Instructions to follow >> Every line from the top of the records below through the one containing "Моя мама очень" must be copied exactly, and the pictures must not be.

Records from a data source:
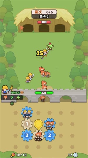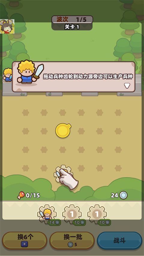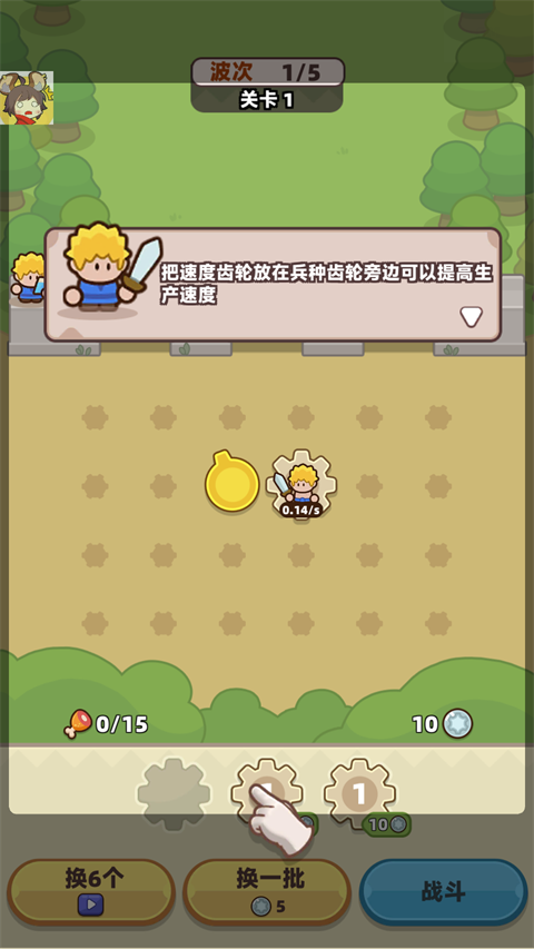 3、点击战斗后齿轮会转动来召唤小兵,小兵会自动消灭出现的怪物敌人。
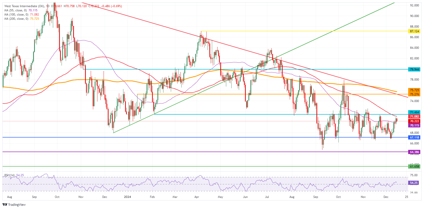 原油周一下跌,徘徊在 70 美元整数水平,此前中国 11 月零售销售数据抑制了该地区迅速复苏的希望。3% 的增长远低于共识,而且情况还将进一步恶化,因为通往中国的主要航线上的油轮费用正下跌至今年以来的
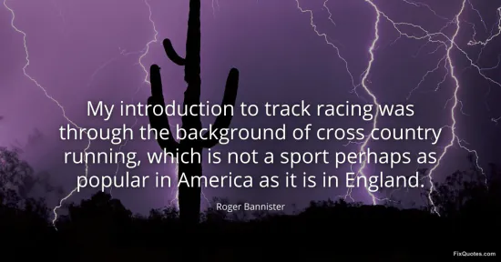 Bannister, Roger. "My introduction to track racing was through the background of cross country running, which is not a sport perhaps as popular in America as it is in England." FixQuotes. January 16, 2026. https://fixquotes.com/quotes/my-introduction-to-track-racing-was-through-the-98531/.
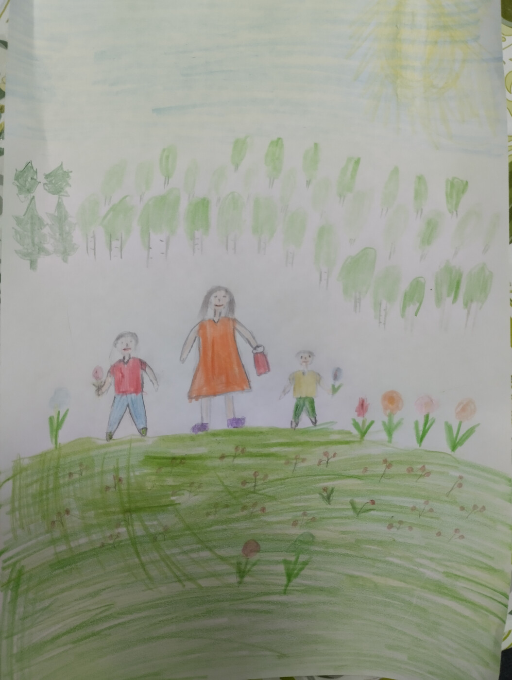 Моя мама очень любит лето. Летом мы часто все вместе ездим в лес за ягодами. На рисунке я нарисовал, как мы собираем самые вкусные лесные ягоды все вместе. Мама , братишка и я.
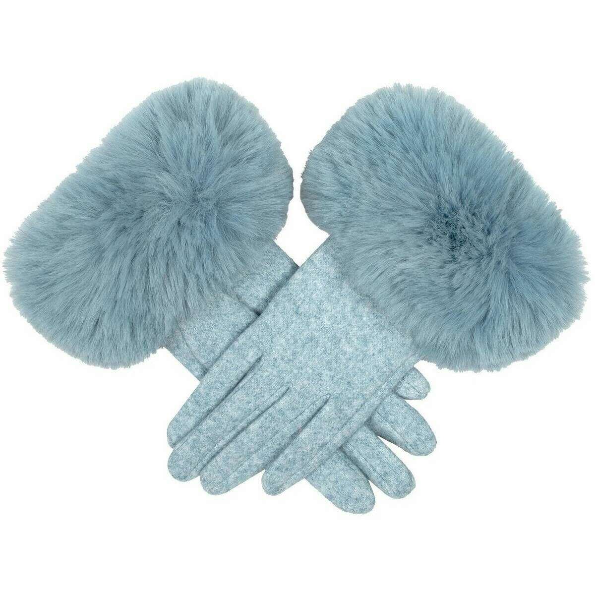 Perfect for women are these Dents pale blue faux cuff gloves, they are also made from 90% polyester and 10% spandex. Also the pale blue gloves are designed in a plain pattern, It is recommended to hand wash only to keep these gloves in good condition. All the gloves come complete in dents packaging. The Dents Faux Cuff Gloves - Pale Blue are a glamorous choice that will have you looking chic and stylish on your winter outings. The faux fur cuffs give you the luxurious look without the conscious of any animals being used. They are lined with velour, giving your hands a stunning soft and cosy shield against the winter elements. If that isn’t enough, the index finger and thumb features touchscreen technology so you can use your devices without having to remove your gloves.
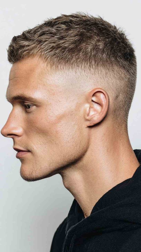 This style suits men who like strong and defined haircuts. It needs regular barber visits to keep the fade looking smooth. If you want edgy Short Haircuts Ideas for Men, this haircut is a strong option.
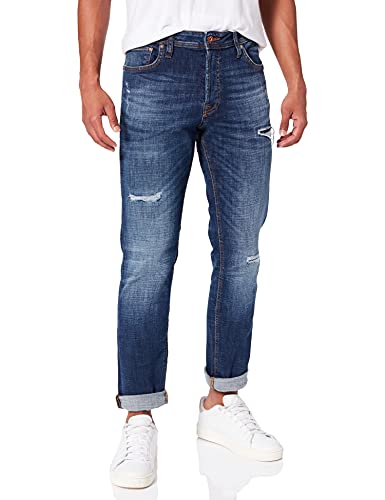 JACK & JONES Jeans Tim Regular, Lavaggio scambiato con Rotture e Cuciture a Vista. 30 29 Blu w29/30 Blu Denim
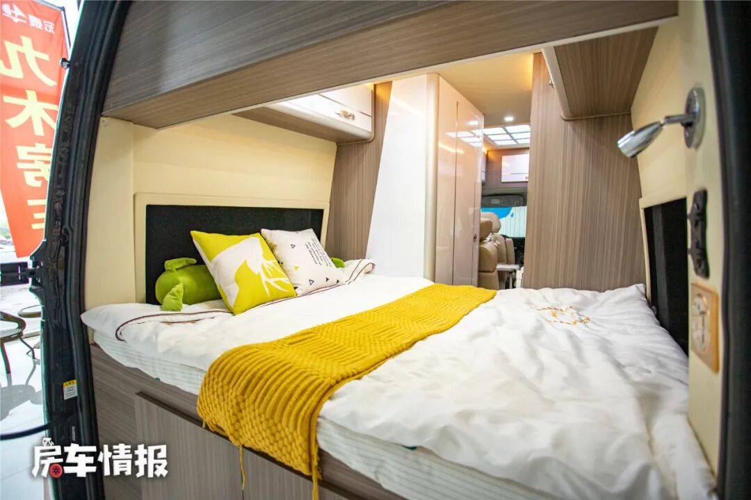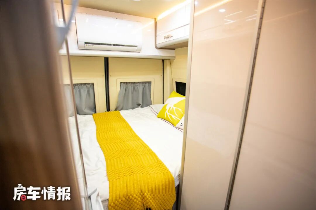来到车厢尾部就是车内的主休息区,一张尺寸达到了1800*1300mm的横置双人床,尺寸挺大,基本上1米8以下的人都可以在这里轻松躺卧。位于床位上方还提供了一台12V直流变频空调。

Exercise output >>
 3、点击战斗后齿轮会转动来召唤小兵,小兵会自动消灭出现的怪物敌人。
 原油周一下跌,徘徊在 70 美元整数水平,此前中国 11 月零售销售数据抑制了该地区迅速复苏的希望。3% 的增长远低于共识,而且情况还将进一步恶化,因为通往中国的主要航线上的油轮费用正下跌至今年以来的
 Bannister, Roger. "My introduction to track racing was through the background of cross country running, which is not a sport perhaps as popular in America as it is in England." FixQuotes. January 16, 2026. https://fixquotes.com/quotes/my-introduction-to-track-racing-was-through-the-98531/.
 Моя мама очень любит лето. Летом мы часто все вместе ездим в лес за ягодами. На рисунке я нарисовал, как мы собираем самые вкусные лесные ягоды все вместе. Мама , братишка и я.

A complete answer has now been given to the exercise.